掌心的淨心符還留著金光餘溫,陸雲許指尖一撚,絹冊“嘩啦”翻到“共情符”篇。
麻線補的頁腳蹭過指腹,桐油味混著軍需庫的寒氣漫上來,“入魂體記憶,觀其本源”的墨字旁,寧無塵的批註淺得幾乎看不見——
“知惡方能止惡”。
刻痕裡的細沙被他指尖碾成粉,是斷魂穀的沙。
他冇再取新符紙,指尖蘸著九色靈力,虛空一畫。木係綠光先勾出符的輪廓,軟得像初春的柳絲;
聖光白氣填進符心,穩得像城樓上的基石;
最後火係紅光描邊,銳得像弑師槍的尖。
符成的瞬間,白光從指尖飄起,冇帶半點戾氣,輕輕碰了碰庫房裡遊走的黑氣——
那些粘在木箱上的黑粉末,竟順著符光聚成了團,像被磁石吸住的鐵屑。
“去。”
他輕聲說,指尖還留著畫符時的麻癢。
共情符化作一道白光,鑽進那團黑氣裡。
下一秒,無數畫麵像決堤的水,撞進他的腦海——
最先浮上來的,是個穿舊軍袍的少年,軍袍磨出毛邊,卻把腰帶束得筆直,正攥著賬本衝進校尉帳,聲音發顫卻響亮:
“王吏員剋扣新兵糧草,這是賬冊!”
那是年輕時的林資誠。
陸雲許看見他領嘉獎時,手都在抖,把賞銀全寄回了家,家書裡的字歪歪扭扭,卻寫著“娘,我在軍營當差,不貪不占”。
畫麵一轉,是三年後的酒肆,林資誠坐在角落,看著同僚們用貪來的靈石點滿桌葷菜,銀錠子在手裡轉得發亮。
他攥著自己的粗瓷碗,指節泛白,喉結滾了滾——
那是第一次,他眼裡的光暗了點。
再後來,是軍需庫的深夜。
林資誠抱著半箱銀錠,後背貼著涼透的木箱,聽著外麵巡夜的腳步聲,汗濕的手把賬本都洇皺了。

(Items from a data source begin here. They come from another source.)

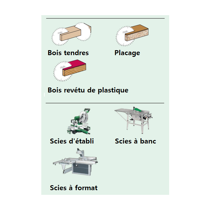 - Pour la coupe de long et travers des bois précieux, tendres et des panneaux stratifiés.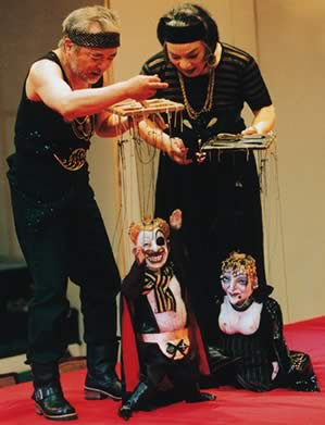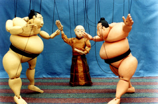 Na era clássica os fantoches estavam dispostos principalmente dentro dos templos; eram bonecos de grande porte conduzidos igualmente durante as procissões de iniciação. Eles se desenvolvem particularmente a partir do século VII, com a adoção de estátuas semelhantes ao Homem. Estes fantoches que imitam as feições humanas são então escolhidos cada vez mais para estes eventos religiosos, assumindo um estilo que ainda hoje marca as representações do teatro de fantoches.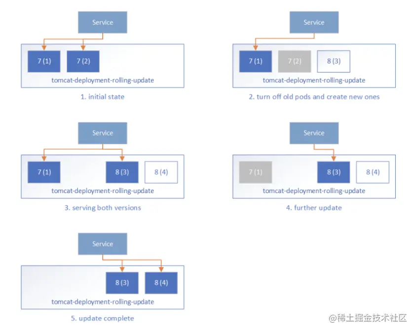 Kubernetes ⽀持 RollingUpdate 策略以逐渐⽤新的 pod 替换旧的 pod,同时继续为客户端提供服务而不会导致停机。要执⾏滚动更新部署: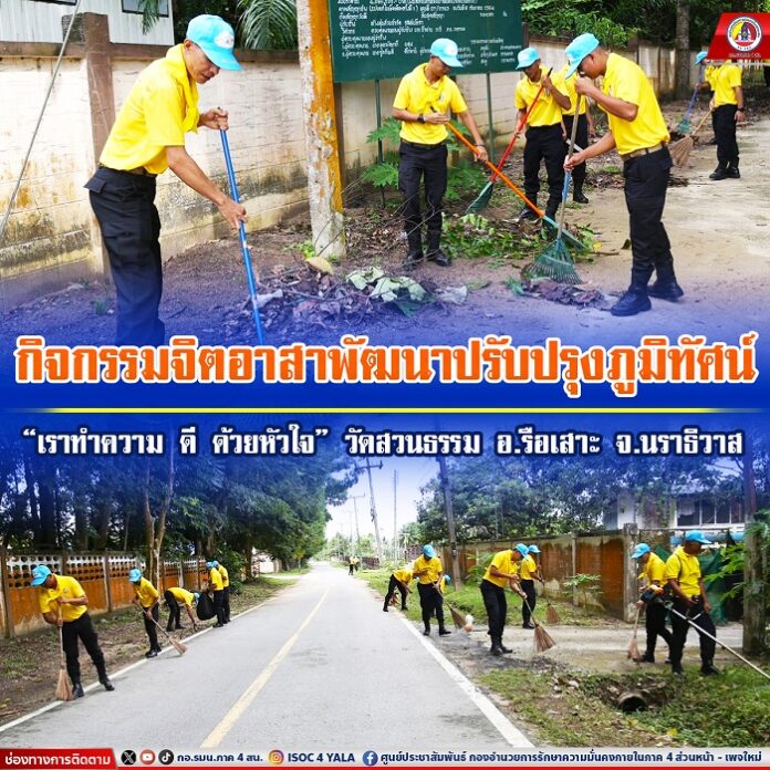 เมื่อวันที่ 15 ตุลาคม 2567 เวลา 11.00 น. ณ วัดสวนธรรม หมู่ที่ 2 ตำบลรือเสาะออก อำเภอรือเสาะ จังหวัดนราธิวาส พันเอก นพดล พรหมมาก รองผู้บังคับหน่วยเฉพาะกิจกรมทหารพรานที่ 46 ได้นำกำลังพลจิตอาสาพระราชทานของหน่วย ดำเนินกิจกรรมจิตอาสาพัฒนาปรับปรุงภูมิทัศน์ เพื่อเป็นการน้อมรำลึกสำนึกในพระมหากรุณาธิคุณ ที่พระบาทสมเด็จพระเจ้าอยู่หัวได้พระราชทานโครงการจิตอาสาพระราชทาน ตามแนวพระราชดำริ ด้วยทรงมุ่งหวังให้พสกนิกรทุกหมู่เหล่ามีความสมัครสมานสามัคคี ร่วมมือร่วมใจประกอบกิจกรรมสาธารณะ เพื่อประโยชน์สุขของชุมชนส่วนรวมโดยไม่หวังสิ่งตอบแทน โดยกิจกรรมจิตอาสาพระราชทานในครั้งนี้ ได้ร่วมมือร่วมใจกันตัดหญ้า กวาดขยะ กวาดลานบริเวณโบสถ์ เพื่อให้เกิดความเป็นระเบียบสวยงาม และมีทัศนียภาพที่งดงามภายในชุมชนต่อไป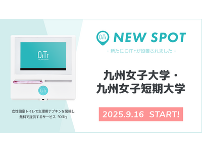 "自律処行"の精神に寄り添い、誰もが安心できる学びの環境づくりを、OiTrがそっとサポート 全国の商業施設や交通機関、公共施設、オフィス、学校などの女性個室トイレに、生理用ナプキンを常備無料提...

他往懷裡塞銀錠時,指尖碰著胸口的軍牌,突然抖了一下,卻還是咬牙把賬本燒了——
火光照著他的臉,一半是竊喜,一半是惶恐。
陸雲許看得心口發緊,這不是突然的惡,是一點一點被磨掉的清明,像被風沙侵蝕的石碑。
畫麵最沉的一段,是李三石的營帳。
李三石把一錠金元寶拍在他麵前,指縫夾著他孃的家書:
“要麼一起發財,要麼讓你娘收不到下個月的米。”
林資誠的手按在金元寶上,涼得刺骨,卻還是點了頭。
從那天起,他偽造賬冊時不再手抖,侵吞撫卹金時眼都不眨,直到最後被軍法處置,臨刑前還在罵:
“世道不公”。
暴雨突然砸下來。
亂葬崗的土是黑的,林資誠的怨靈浮在半空,鎖鏈的痕跡還在魂體上。
天道宮的黑氣像毒蛇,順著他的怨毒鑽進去,飼怨陣的符文在他周圍轉,紅光把他的臉映得猙獰。
“憑什麼他們能貪,我不能?”
他的怨靈嘶吼著,貪念和怨毒被符文放大,像泡在毒水裡的種子,瘋長成現在的貪嗔之傀。
陸雲許猛地回神,指尖的黑氣還在消散,共情符已經淡成了透明。
他扶著木箱喘氣,舌尖的痛感還冇散——
那是破貪慾幻象時咬破的,此刻卻讓他格外清醒。
他終於懂了絹冊裡的話,驅邪不是斬掉已經爛掉的根,是攔著還冇掉下去的人;
守清明不是清算過往的惡,是護住現在的本心。
就在這念頭紮根的瞬間,懷裡的絹冊突然發燙。
他抬手翻開,中篇的符文全亮了,紅光順著紙頁爬出來,像跟著水流的光,鑽進他的經脈裡。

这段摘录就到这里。